Anonymous Monk has asked for the wisdom of the Perl Monks concerning the following question:

Hello. I have a pipe delimited text file that contains many lines of numbers and stats. I need to use this text file to parse out all the information between pipes and output the needed information into an HTML table that resembles something like this:http://www.sportingnews.com/baseball/scoreboard/20010402/boxscore/10.html These files will be coming into a ftp folder and I must set up triggers to recognize the arrival of new information, parse the pipe delimited file, and output it into an html table with a specific name. I am very new to all of these ideas and any help is greatly appreciated. Thanks.

Replies are listed 'Best First'.
Re: Parse Pipe Delimited Text
by AgentM (Curate) on Apr 03, 2001 at 03:20 UTC
    You didn't specify the operating system, so I'll assume you're running a decent UN*X server. Let's handle this in chronological order of service:
    • To watch the FTP directory, use http://www.tripwire.com or a similar trigger mechanism. Otherwise, you'll need to set a cron job to read the directory once in a while which I consider polling and wasteful.
    • To parse the pipe-delimited text, take the easy route and use DBD::CSV which has a variable that you can set to the pipe. That way, you open up the world of SQL to yourself. If you imagine that that is overkill, a simple line-reading-spilt-on-pipes 3-liner would do fine.
    • To output the results of the parsing in the HTML table, use CGI. This will give you helpful functions to clean up your code that you may be writing in raw HTML and make sure that the end result is valid HTML.

    Good luck!

    AgentM Systems nor Nasca Enterprises nor Bone::Easy nor Macperl is responsible for the comments made by AgentM. Remember, you can build any logical system with NOR.
Re: Parse Pipe Delimited Text
by tinman (Curate) on Apr 03, 2001 at 03:27 UTC

    I see three main problems that you need to solve here

    firstly, you need to parse a pipe delimited file.

    Ok, for this, you can use the CPAN module Text::CSV_XS
    Why this, you ask ? isn't CSV for "comma separated variables?".. true enough, but inside this wonderful module, you can also specify the separator character, which in your case would be a pipe.

    You could of course, also roll your own, with a simple call to the split function such as (this is very simplistic, probably too much so)

    open(DATA,"myfile") or die "No, can't open the file"; while(<DATA>) { my @elements = split('\|',$_); # do something with the elements here }

    Your second problem is to find out when a new file has arrived..

    First, store the modified date of the file with a call to the Perl inbuilt function stat, or by using the File::Stat module.

    Whenever your Perl script wakes up (cron job? or NT 'at' scheduler call)and decides to process the file, check the last modified date that you stored, with the one of the file.
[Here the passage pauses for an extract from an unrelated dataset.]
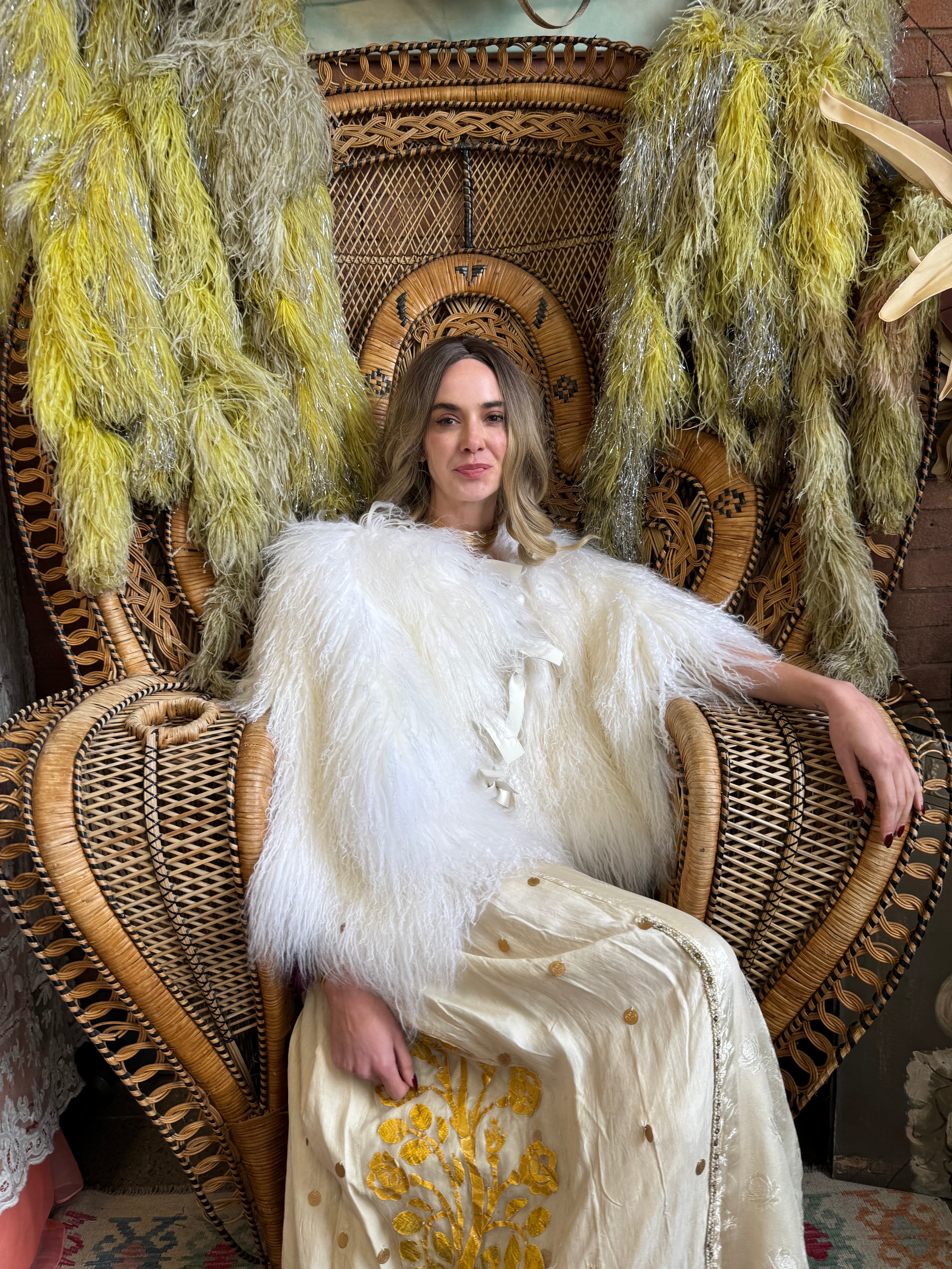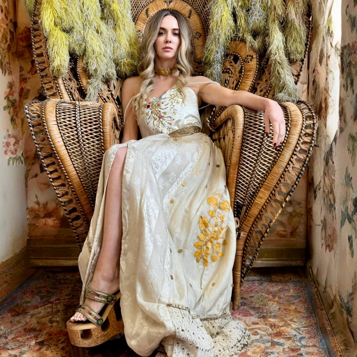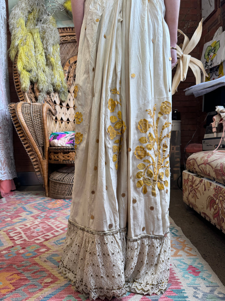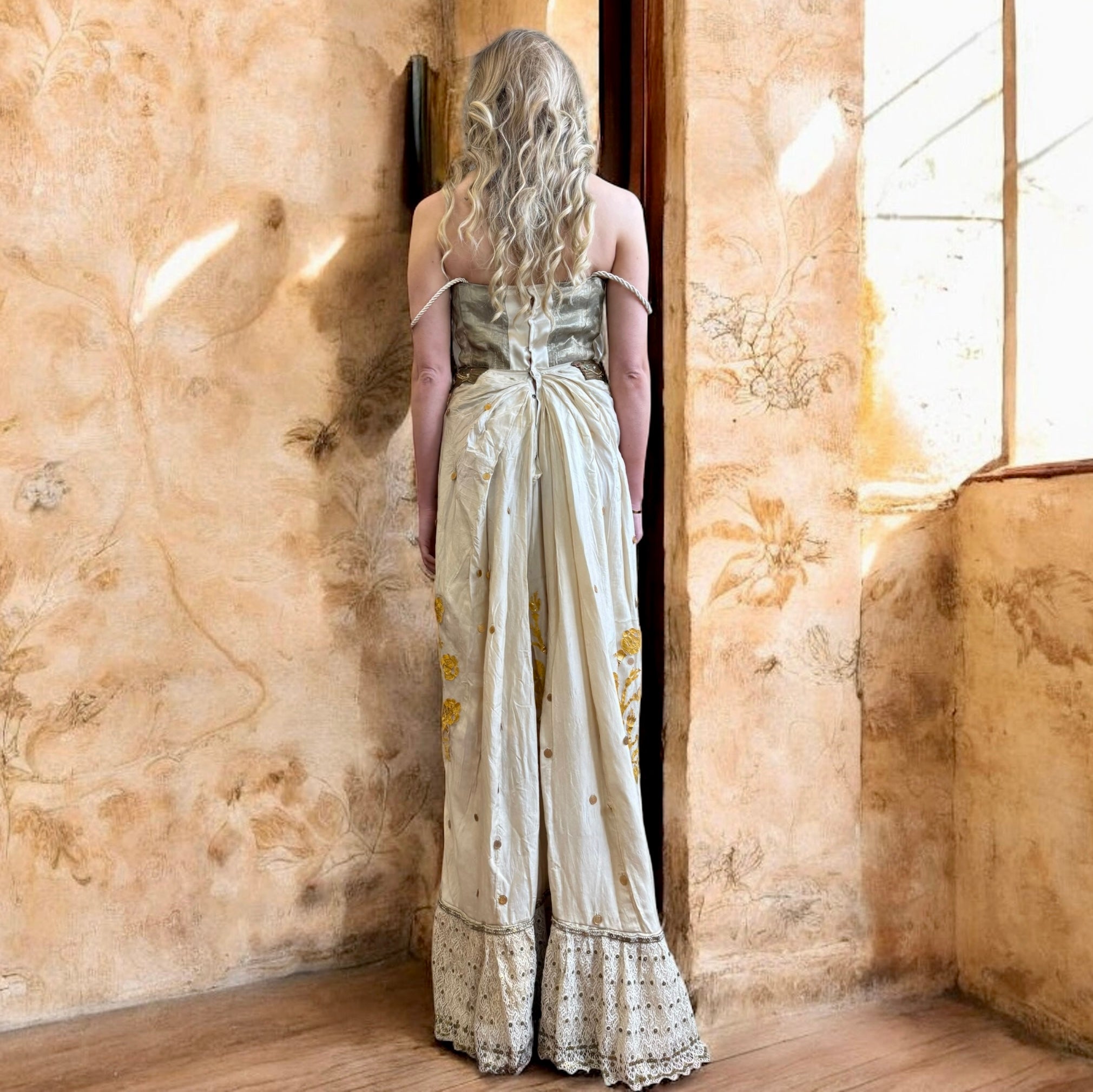 Experience true elegance and history with  our 20s embroidered reworked beaded dress. This reworked original 1920s bustier dress features hand-made florals, a 20s beaded tasseled belt, and a lace and sequin hem. With a leg slit on the front and back hooks, this dress is perfect for a summer party.

If they differ, ie: if the FTP folder file has a more recent date, that means you should parse the file again...

    Well, the third problem, outputting to an HTML table, is sort of simple, I think.. for completeness sake, I'll put a small pseudo-code like segment here that describes how it would be done...please note: this is untested

    open(INPUT,"myfile") or die "Can't open file"; print "<html><head><title>My page</title></head><body>"; print "<table>"; while(<INPUT>) { my @elements = split('\|',$_); print "<tr>"; foreach my $el(@elements) { print "<td>$el</td>"; } print "</tr>"; } print "</table></body></html>";

    HTH
    Update: Fixed the code segments.. ack, can't believe I didn't put that in :(.. much respect to MrNobo1024
    Update 2: Changed the name of the file handle from the reserved DATA to INPUT. DATA still works, but its not very good practice, as pointed out by others.
      Don't forget that the first argument to split is a regex, even if it looks like a string. split '|' dosen't work right, so try split '\|'.
Re: Parse Pipe Delimited Text
by jeroenes (Priest) on Apr 03, 2001 at 14:11 UTC
    Another possibility is the use of SuperSplit (another shameless plug). In the Synopsis of the embedded POD you can read how to use $a=supersplit('|'); to get your data and superjoin to get your table.

    Don't rule out CGI to create the table, it's very handy.

    Hope this helps,

    Jeroen
    "We are not alone"(FZ)

Re: Parse Pipe Delimited Text
by Anonymous Monk on Apr 03, 2001 at 03:43 UTC
    It's actually a NT server...anything similar to tripwire for NT? Thanks.